The central idea of the film, “We accept the love we think we deserve,” is played brilliantly as a piercing insight into the damaged relationships pursued by the central trio. Despite their cool mix-tapes, sardonic wit, and good hearts Patrick and Sam are made to feel like losers by the wider school and so accept less than they deserve. Meeting Charlie oddly may be a spur for them too. Chbosky delightfully never unequivocally locates this film in Pittsburgh until a Penguins reference in the penultimate scene, an ambiguity mirrored in our uncertainty about Charlie’s mental state and past.

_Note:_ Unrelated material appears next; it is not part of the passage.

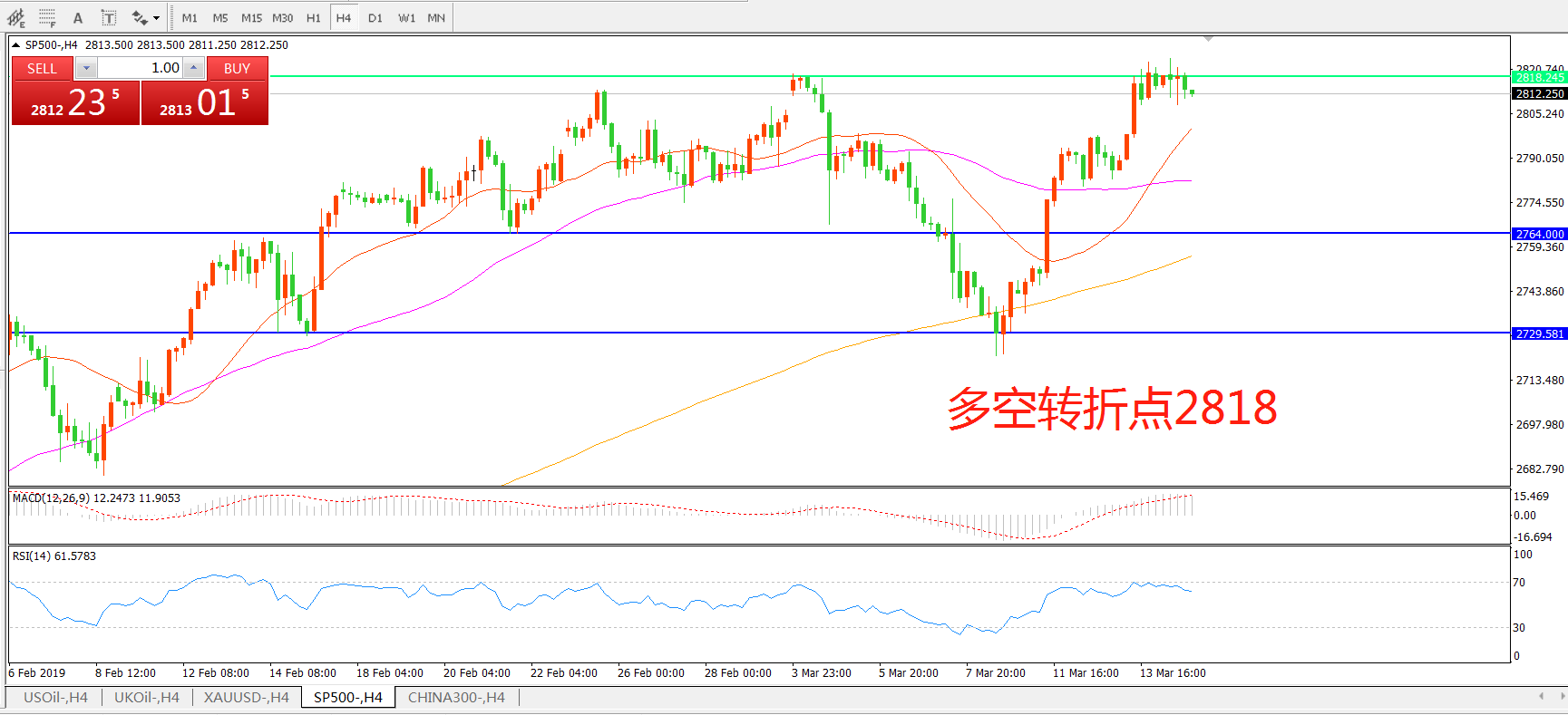 4小时图看,标普500触碰密集成交区后,高位出现回落,但价格整体维持在均线系统之上,M ACD红柱增加,RSI指标掉头上,日内宽幅震荡概率较大,重点关注2818一线得失。

But unlike the frustrating vagueness concerning Joseph Gordon-Levitt’s damaged hero in The Lookout we know definitely that Charlie is fully functional, just highly medicated, and dealing with immense guilt. The patient reveal of his damaged psyche makes its eventual revelation all the more powerful as it explains many different thematic strands, including a brutal and chilling cafeteria fight scene after which Charlie blacks out.

Chbosky has made a film of great wit, charm, and emotional depth that stands comparison with Michael Chabon’s Pittsburgh novels. This is a film to see and love.